# Directions
Each line of data below is to be returned exactly, leaving out any picture.

# Given material

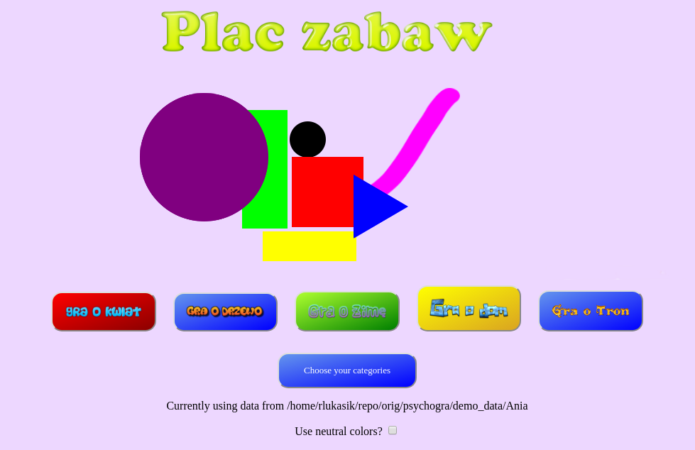* dane to pliki obrazków w odpowiednich folderach, np.: katalog „Tomek” – zawiera dane spersonalizowane pod kątem danego dziecka (przynajmniej dwie kategorie)
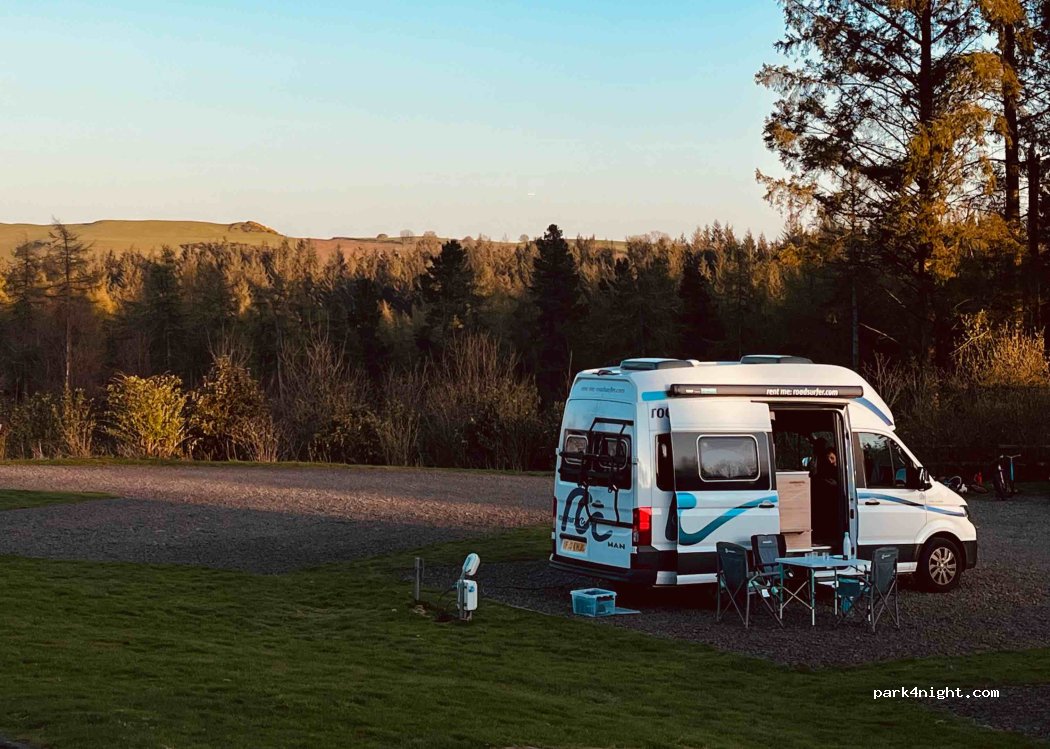Very nice site. Owned by local council and well maintained. Very friendly staff and nice visitors centre with cafe. Stayed here in November and quiet. Nice local walks as site is part of Bee Craig’s country park.
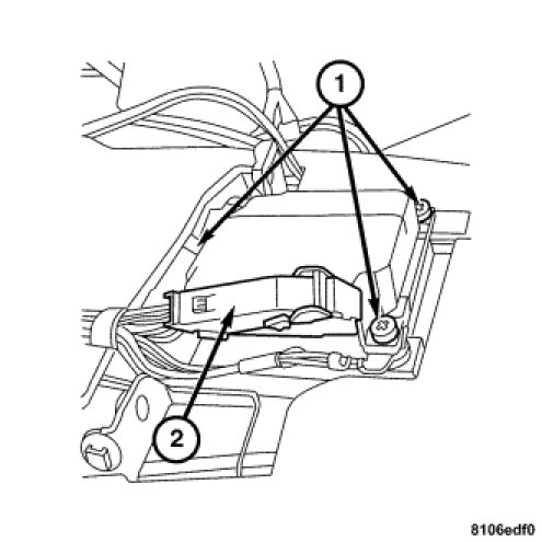 2. Install and tighten the screws (1) that secure the occupant restraint controller to the mount. Observe the ground lead mounting location on the left rear screw. Tighten the screws to 11 Nm (97 in. lbs.).
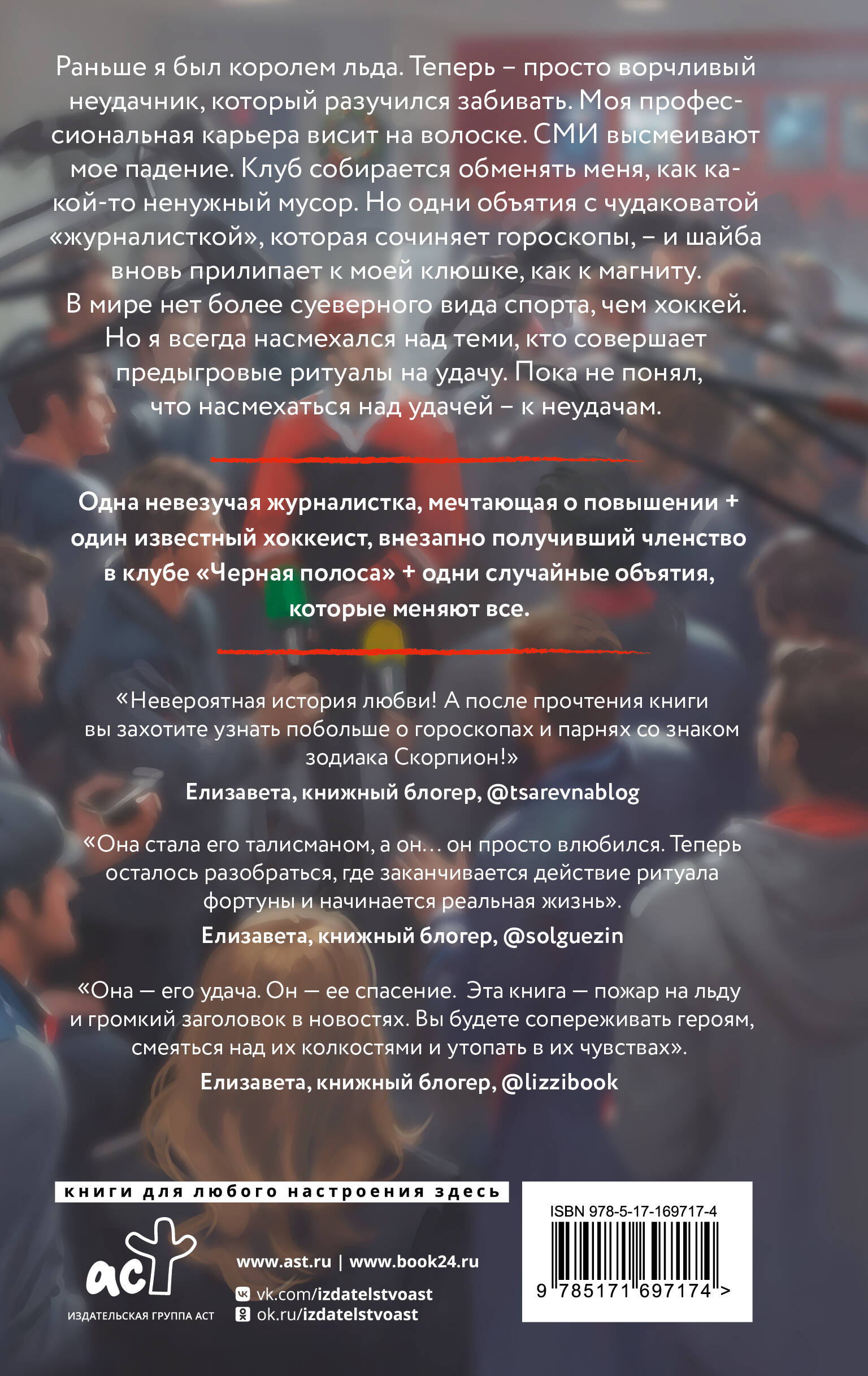 - Долгожданная новинка от Солы Рэйн, звезды жанра спортивной романтики, и Дианы Маш, популярного автора романов о любви. Книга выходит на бумаге раньше, чем появится онлайн! - Впервые в истории жанра Сола Рэйн и Диана Маш обыгрывают тему хоккейных примет. Иногда мастерства мало, а успех на ледовой арене может зависеть от странноватой любительницы гороскопов, словно заколдовавшей твою клюшку. - Другие тропы: «вынужденное сближение», «ворчун и солнышко». - Искрометные диалоги, яркие герои, чувственность и увлекательный сюжет - все это ждет читателя в новом романе. - Серия «Яркие чувства».| Издательство | Издательство "АСТ" |

# Reply to the exercise
* dane to pliki obrazków w odpowiednich folderach, np.: katalog „Tomek” – zawiera dane spersonalizowane pod kątem danego dziecka (przynajmniej dwie kategorie)
Very nice site. Owned by local council and well maintained. Very friendly staff and nice visitors centre with cafe. Stayed here in November and quiet. Nice local walks as site is part of Bee Craig’s country park.
 2. Install and tighten the screws (1) that secure the occupant restraint controller to the mount. Observe the ground lead mounting location on the left rear screw. Tighten the screws to 11 Nm (97 in. lbs.).
 - Долгожданная новинка от Солы Рэйн, звезды жанра спортивной романтики, и Дианы Маш, популярного автора романов о любви. Книга выходит на бумаге раньше, чем появится онлайн! - Впервые в истории жанра Сола Рэйн и Диана Маш обыгрывают тему хоккейных примет. Иногда мастерства мало, а успех на ледовой арене может зависеть от странноватой любительницы гороскопов, словно заколдовавшей твою клюшку. - Другие тропы: «вынужденное сближение», «ворчун и солнышко». - Искрометные диалоги, яркие герои, чувственность и увлекательный сюжет - все это ждет читателя в новом романе. - Серия «Яркие чувства».| Издательство | Издательство "АСТ" |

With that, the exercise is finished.